The Government offered three interests to justify Section 505: (1) protecting children from being exposed to sexually explicit material; (2) supporting parents' rights to raise their children as they see fit; and (3) ensuring an individual's right to privacy in the home.

The District Court agreed that the interests the statute advanced were compelling. Still, it concluded that it violated the First Amendment because the Government might further its interests through less restrictive alternatives. One less restrictive means is Section 504 of the Act, which requires a cable operator, upon the request of a subscriber, to fully scramble or otherwise block a channel that the subscriber does not wish to receive.

The United States appealed directly to the Supreme Court, seeking to have the judgment reversed.

A group of sexologists filed an amicus brief on behalf of Playboy arguing that there was no state interest in shielding minors from sexually explicit signal bleed. The brief's authors included Elizabeth Rice Allgeier, Vern L. Bullough, Milton Diamond, Harold I. Lief, John Money, and Ira L. Reiss.

== Opinion of the Court ==
Affirming the District Court, the Supreme Court held, in an opinion authored by Justice Anthony M. Kennedy, that Section 505 was a content-based restriction because the provision singled out not only particular programming but also particular programmers.
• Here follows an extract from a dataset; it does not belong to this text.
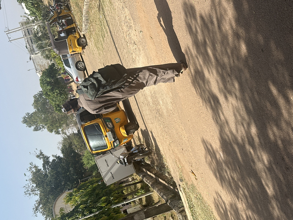 An outdoor scene in Tudun Nupawa, Nigeria, depicts a daytime environment with clear skies and strong sunlight casting long shadows. In the foreground, a lone individual, seen from behind, walks away from the viewer on a dirt road. This person wears a brown, loose-fitting garment, a cap, and carries a dark green backpack on their left shoulder. Their shadow extends prominently on the reddish-brown ground. To the left of the road, a concrete drainage channel runs parallel. Adjacent to this channel and further down the road, a black motorcycle is parked next to a large white rectangular object with "MIKANO" branding visible on its side. Immediately to the right of this object and the motorcycle, a yellow three-wheeled vehicle (tricycle/Keke Napep) with a black canopy is parked, facing slightly left. A license plate, partially visible as "PGZ-651," is affixed to its front. Further in the background, another yellow tricycle is visible on the right side of the road, and a silver sedan is parked between the two tricycles. Trees and green foliage line both sides of the road, with some denser trees in the mid-ground and lighter green, thinner trees closer to the foreground on the left. Structures are faintly visible in the far background. The ground is primarily unpaved, appearing as compacted dirt or sand.

Moreover, although the Court accepted the Government's compelling interests, it nevertheless concluded that the provision violated the First Amendment's free speech clause because the Government failed to prove that Section 505 was the least restrictive means of preventing children from hearing or seeing images resulting from signal bleed.
The Court stated that Section 504 presented such an alternative means of regulation.

The Government argued that Section 504 was less effective than the blocking and time-channeling provision of Section 505. However, the Court held that Section 504, combined with “market-based solutions such as programmable televisions, VCR's, and mapping systems” can eliminate signal bleed without restricting a cable operator's ability to transmit its programming to those who want to receive it.

The Court concluded that because of the existence of such alternatives, which could be equally effective at furthering the Government's interest, the overly restrictive Section 505 violated the First Amendment.

Justices Stevens, Souter, Thomas, and Ginsburg joined with Kennedy in the majority.

=== Concurrences ===
Stevens and Thomas filed concurring opinions. Stevens's concurrence specifically addressed Scalia's criticisms of the majority opinion. Stevens argued that Scalia defined obscenity too broadly and could include practices that were merely deceptive.

Thomas noted in his concurrence that he would have decided the case differently if the broadcasts were of obscene material. He posited that the government had merely argued that the broadcasts were indecent. First Amendment protections have more sway over merely indecent material than outright obscene material. Thus, the balancing of interests weighed in favor of upholding First Amendment protection.

=== Dissents ===
Justice Stephen G. Breyer authored a dissent, arguing that the majority of the court had not made a "realistic assessment of the alternatives." Breyer was joined in his dissent by Justices Rehnquist, O'Connor, and Scalia.

Justice Scalia also authored his own dissent arguing that Section 505 is constitutional because it regulates the business of obscenity.